Turn Your Photos into Artistic Sketches with Code

Python for Art — Simple Computer Vision Programming Project

In this article, I will show you how to convert your photos into hand-drawn art pieces using python code. As an art and tech enthusiast, I decided to combine both fields in a straightforward project. This project will show you that programming is not just about finding solutions to coding problems. Programming can also be used to showcase your creativity in action, for example, by creating pencil sketched-looking artworks.

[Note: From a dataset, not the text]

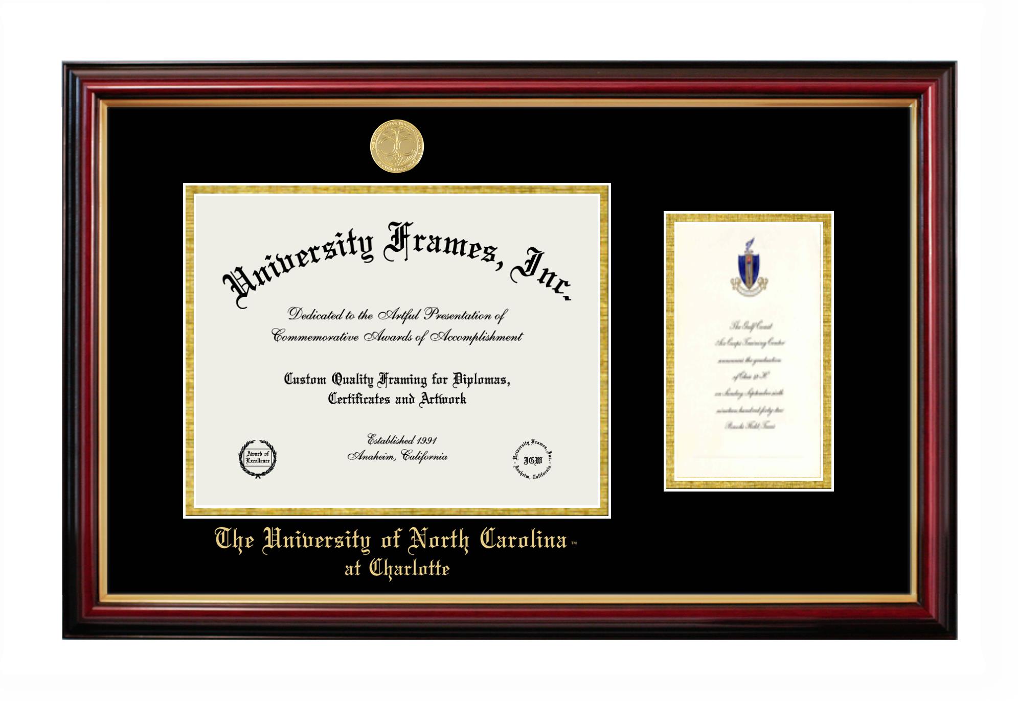 We believe that earning a degree is a huge accomplishment and showcasing it is important. Therefore, if you are looking for University of North Carolina at Charlotte diploma or degree frames for yourself or a recent University of North Carolina at Charlotte grad, we are sure you will love our custom diploma frames. Our diploma frames are made with the official University of North Carolina at Charlotte seal and are beautifully crafted. Start designing your frame now!
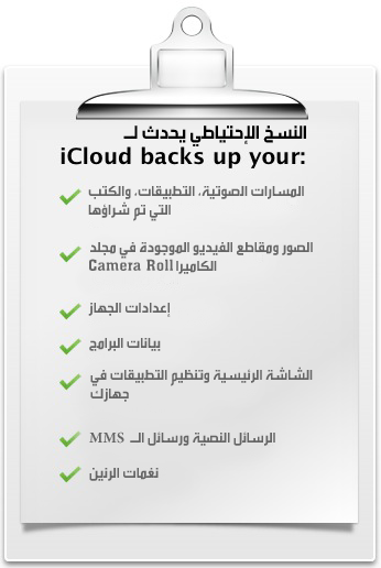 التطبيقات، الكتب، المستندات، وحتى الإعدادات أصبحت جميعها قابلة للتزامن فخدمة iCloud ستجعلك مطمئناً من أن جميع أجهزتك تحتوي على نفس التطبيقات والكتب والمستندات، كما ستمكنك من عمل باك آب ”Backup” لبياناتك وإعداداتك، فإذا مافقدت جهازك فإنك لن تخسر بياناتك.

After working on this project, you will have some insight on how to use OpenCV(Computer Vision Library) in hands-on python projects. I hope you will enjoy and learn something new after reading this article.

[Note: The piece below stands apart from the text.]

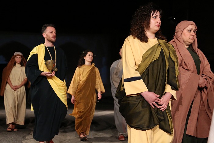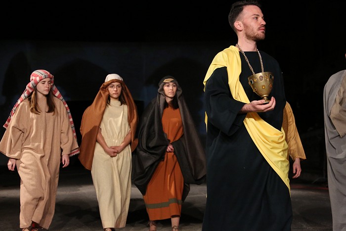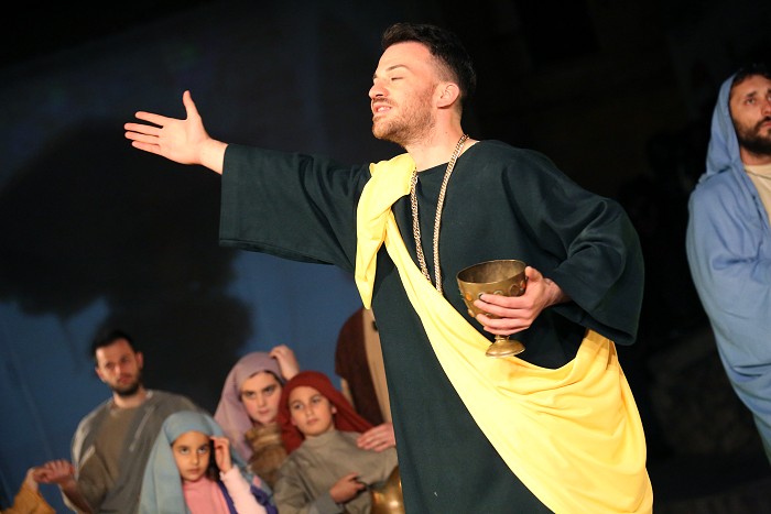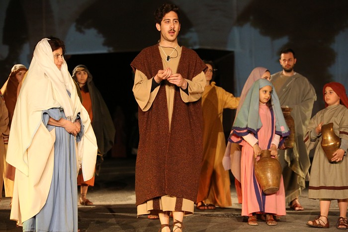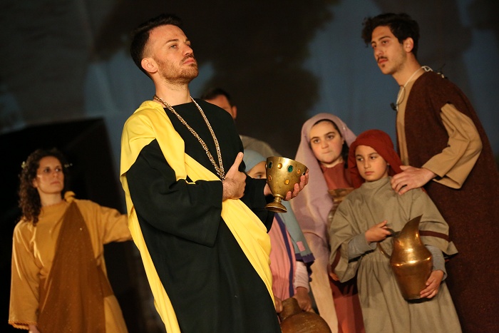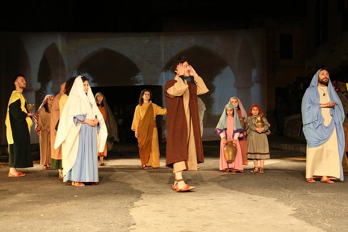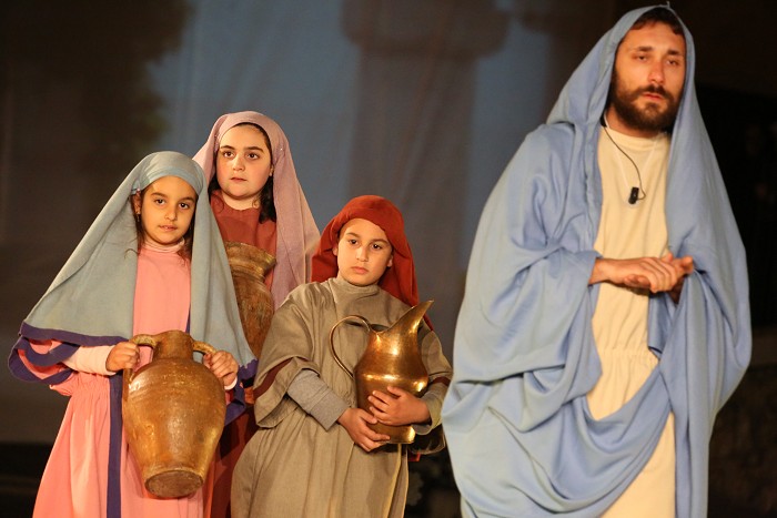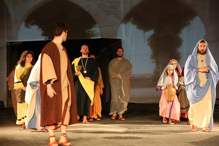 « Tre giorni dopo, ci fu una festa nuziale in Cana di Galilea, e c'era la madre di Gesù. E Gesù pure fu invitato con i suoi discepoli alle nozze. Venuto a mancare il vino, la madre di Gesù gli disse: "Non hanno più vino". Gesù le disse: "Che c'è fra me e te, o donna? L'ora mia non è ancora venuta". Sua madre disse ai servitori: "Fate tutto quel che vi dirà". C'erano là sei recipienti di pietra, del tipo adoperato per la purificazione dei Giudei, i quali contenevano ciascuno due o tre misure. Gesù disse loro: "Riempite d'acqua i recipienti". Ed essi li riempirono fino all'orlo. Poi disse loro: "Adesso attingete e portatene al maestro di tavola". Ed essi gliene portarono. Quando il maestro di tavola ebbe assaggiato l'acqua che era diventata vino (egli non ne conosceva la provenienza, ma la sapevano bene i servitori che avevano attinto l'acqua), chiamò lo sposo e gli disse: "Ognuno serve prima il vino buono; e quando si è bevuto abbondantemente, il meno buono; tu, invece, hai tenuto il vino buono fino ad ora". Gesù fece questo primo dei suoi segni miracolosi in Cana di Galilea, e manifestò la sua gloria, e i suoi discepoli credettero in lui. »

Without losing any time, let’s get started!

Table of Contents:

  • Python
  • Getting Started 
  • Step 1— Define the Image
  • Step 2— Image Preprocessing 
  • Step 3 — Blend the Artwork
  • Final Step — Export the Result

Python

Python is a general-purpose programming language that is becoming ever more popular for analyzing data. Python also lets you work quickly and integrate systems more effectively. Companies from all around the world are utilizing Python to gather bits of knowledge from their data. The official Python page if you want to learn more.


Getting Started

In this project, we will be using two python libraries. The main library is OpenCV, which is a well-known computer vision project. And the second library that we will need is PIL, which is an image processing library. 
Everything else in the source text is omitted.